Monday, January 29, 2007

SQUIB KICKS FOR YOUR SUPER MONDAY

Woke up too late to formulate a good semi-cogent rant, so here's some random offerings:

• As the basketball coach at Toronto's Humber College (defending Ontario champs), Darrell Glenn knows about managing pressure situations... but this is something else entirely: Glenn delivering his own son in the front seat of the family car last weekend when his wife Koren Bogle-Glenn went into labour. Mom and Rayner Winston (7 lbs., 1 ounce) are reported to be doing well.

• Quebec City says it has a budget plan in place to co-host the 2008 world hockey championship.

• There's an irrational little voice that hopes the Boston Red Sox complete the trade for Todd Helton. It keeps repeating, "The more Boston can overpay for guys in the winddown portion of their career, the better!" Helton's not that old (34 on Aug. 20), but once you remove the Coors Field factor from his stats, it kind of paints a picture of someone whose career is in freefall.

Baseball-Reference.com, which is to stat geeks what Saks Fifth Avenue is to shopaholics, has a "stats neutralizer" that puts every player's numbers in a context of a 162-game season where every team scored 4.42 runs per game. When you put in Helton's '06 numbers, it works out to an .829 on-base plus slugging (OPS) -- a drop of more than 100 points from two seasons earlier. The Blue Jays first baseman, Lyle Overbay, had an .848 OPS in '06, and he's both four years younger than Helton and comes cheaper. Overbay's new deal calls for $6 million per, as opposed to Helton's $16.6 million salary, although the Colorado Rockies would cover some of that.

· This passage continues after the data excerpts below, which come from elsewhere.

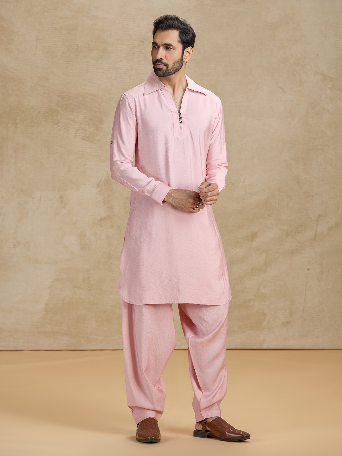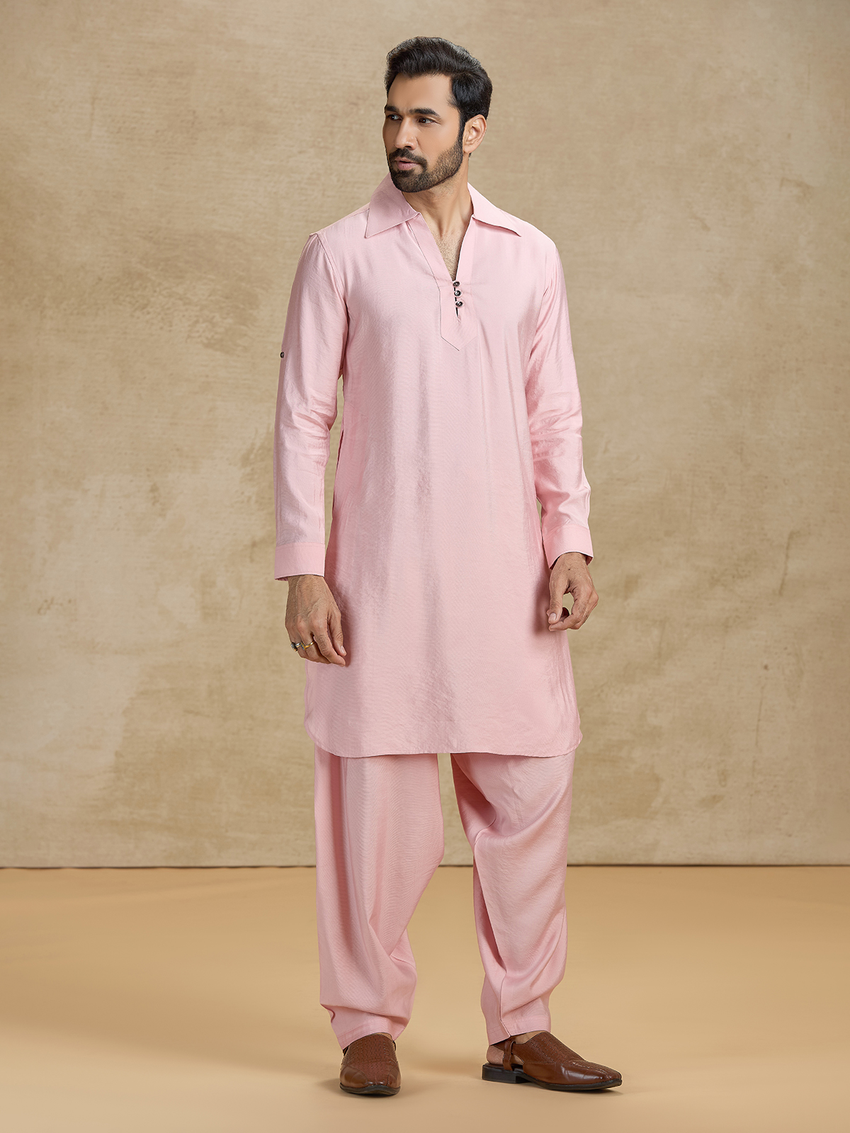 Add a soft yet striking touch to your wardrobe with this blush pink cotton silk Pathani set. The knee-length kurta is detailed with a refined cutaway collar, full sleeves, and a sleek buttoned placket. Paired with a matching salwar, it creates a graceful, premium look for Eid and celebrations.
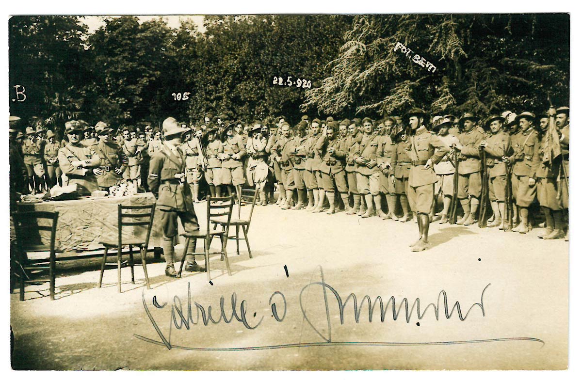 D'Annunzio, Gabriele (1863-1938) - Fotografia di un bel gruppo di legionari fiumani, bersaglieri, arditi, adunati ad ascoltare Gabriele d'Annunzio, periodo 1919 1920. La fotografia è autografata di pugno dal Vate, firma ben visibile nella parte centrale dell'immagine. Dimensioni circa cm.10x15
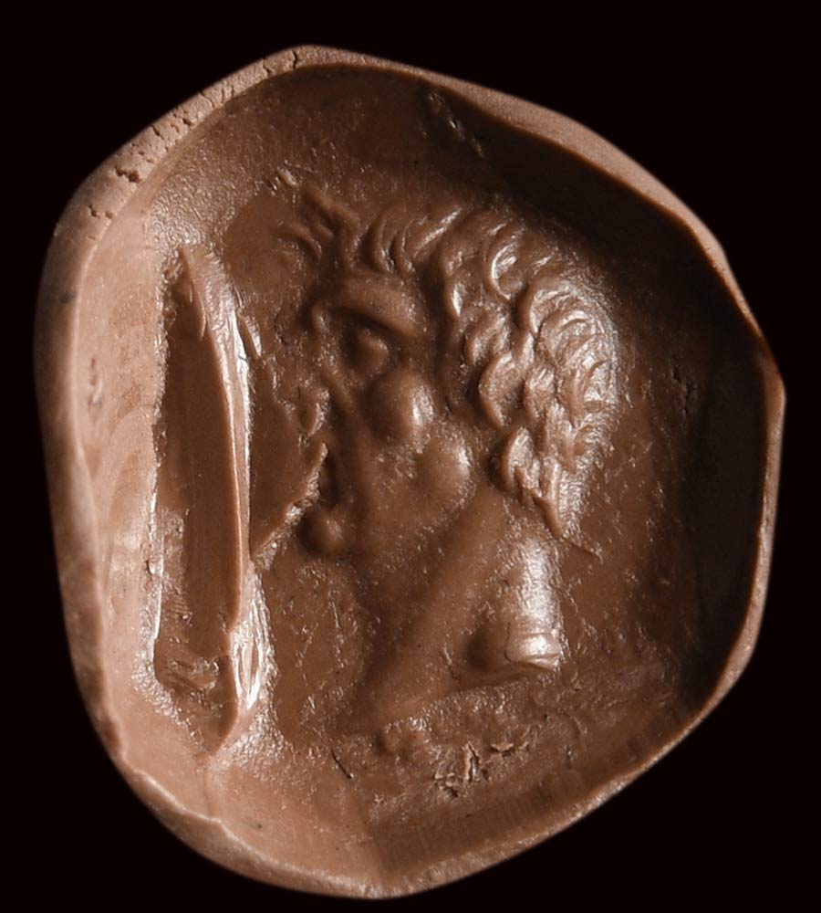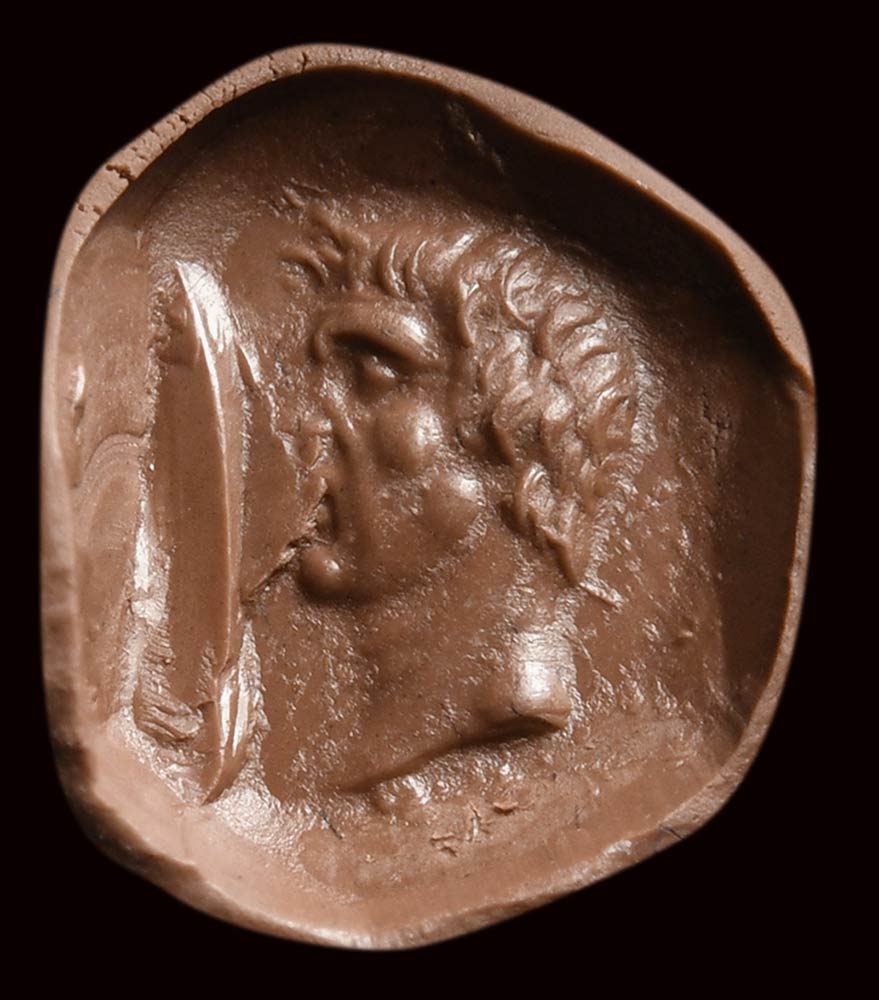 The portrait is facing right. The nose and part of the mouth are missing due to the breaking of the stone. However, the physiognomic features are well evident, such as the protruding cheekbone and the spherical chin, the folds on the cheek, the marked orbital arch, the musculature of the neck and above all the typical hair with overlapping strands with a characteristic raised tuft of hair on the front. These anatomical details, referable to the late republican iconography, make it probable that this effigy is identified with Pompey the Great, or a similar and coeval private portrait. The stone was later shaped on the back with facets, probably in the Renaissance period. However, the front side has retained its ancient wear marks. Rare.
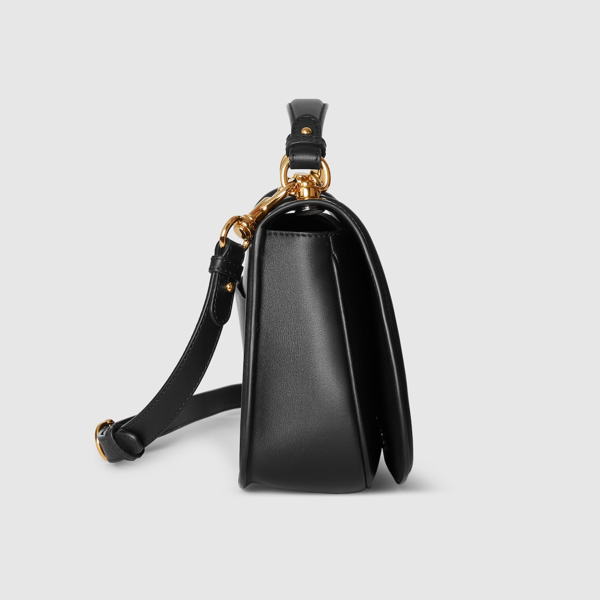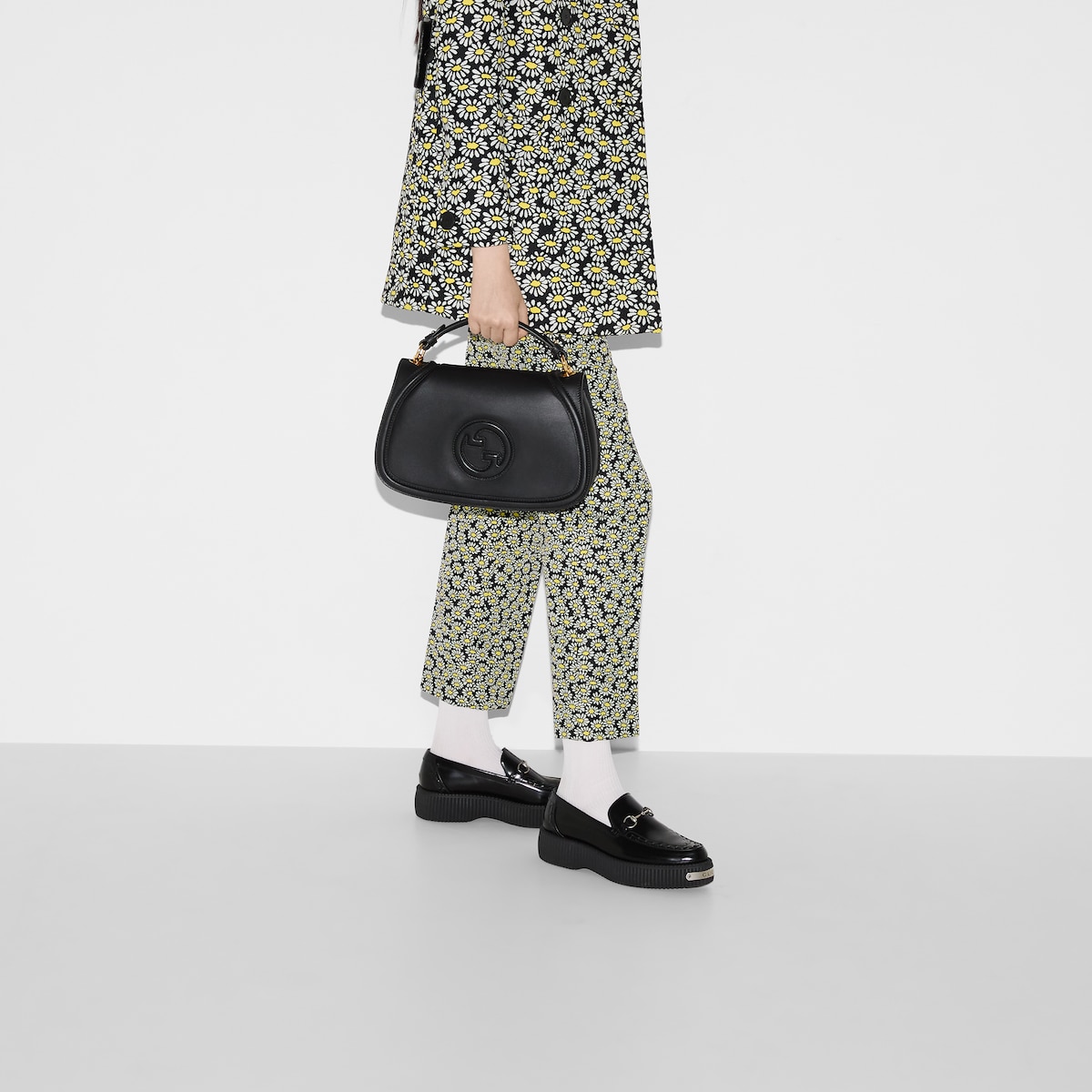 The new Gucci Blondie bag, whose distinctive logo first appeared in the House’s collections in the early 1970s, weaves together past and present in a fusion of nostalgia and modernity. This medium top handle bag with a detachable and adjustable leather shoulder strap is crafted from black smooth leather.

Could Helton correct that? Well, a lot of the "most similar through age 32" players to Helton are guys who went downhill fast, but most of those are 1930s sluggers such as Chuck Klein and Sunny Jim Bottomley, and their short career span may have just been a byproduct of their era. The third-most similar player to Helton is Frank Thomas, and Jays fans are hoping he continues his late-career renaissance.

• Pro Football Hall of Famer John Mackey, who's struggling with dementia, is a little upset that Indianapolis Colts wideout Marvin Harrison wears his old No. 88. (David Steele, Baltimore Sun.)

1 comment:

Anonymous said...

I think the Rockies botched this one, I agree with you and many others, Helton is in decline and they missed an opportunity to free up a lot of payroll - Helton represents 30% of the Rockies payroll.

He has veto over any trade so it won't be easy to dump him.

Looks like the owner Montfort was worried about fan backlash.